| Source records |
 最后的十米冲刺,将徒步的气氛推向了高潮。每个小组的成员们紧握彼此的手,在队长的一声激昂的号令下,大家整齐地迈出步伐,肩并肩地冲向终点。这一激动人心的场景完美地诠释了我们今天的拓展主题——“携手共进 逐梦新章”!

* * *

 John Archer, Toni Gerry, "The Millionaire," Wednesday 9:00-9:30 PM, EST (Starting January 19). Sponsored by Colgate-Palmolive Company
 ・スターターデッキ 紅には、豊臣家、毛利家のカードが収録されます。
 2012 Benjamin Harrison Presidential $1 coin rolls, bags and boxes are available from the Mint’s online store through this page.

| Goal of the exercise |
All that is wanted is an exact copy of the lines above from the one with "John Archer, Toni" through the one with "2012 Benjamin Harrison", with both ends included.

| Answer below |
 John Archer, Toni Gerry, "The Millionaire," Wednesday 9:00-9:30 PM, EST (Starting January 19). Sponsored by Colgate-Palmolive Company
 ・スターターデッキ 紅には、豊臣家、毛利家のカードが収録されます。
 2012 Benjamin Harrison Presidential $1 coin rolls, bags and boxes are available from the Mint’s online store through this page.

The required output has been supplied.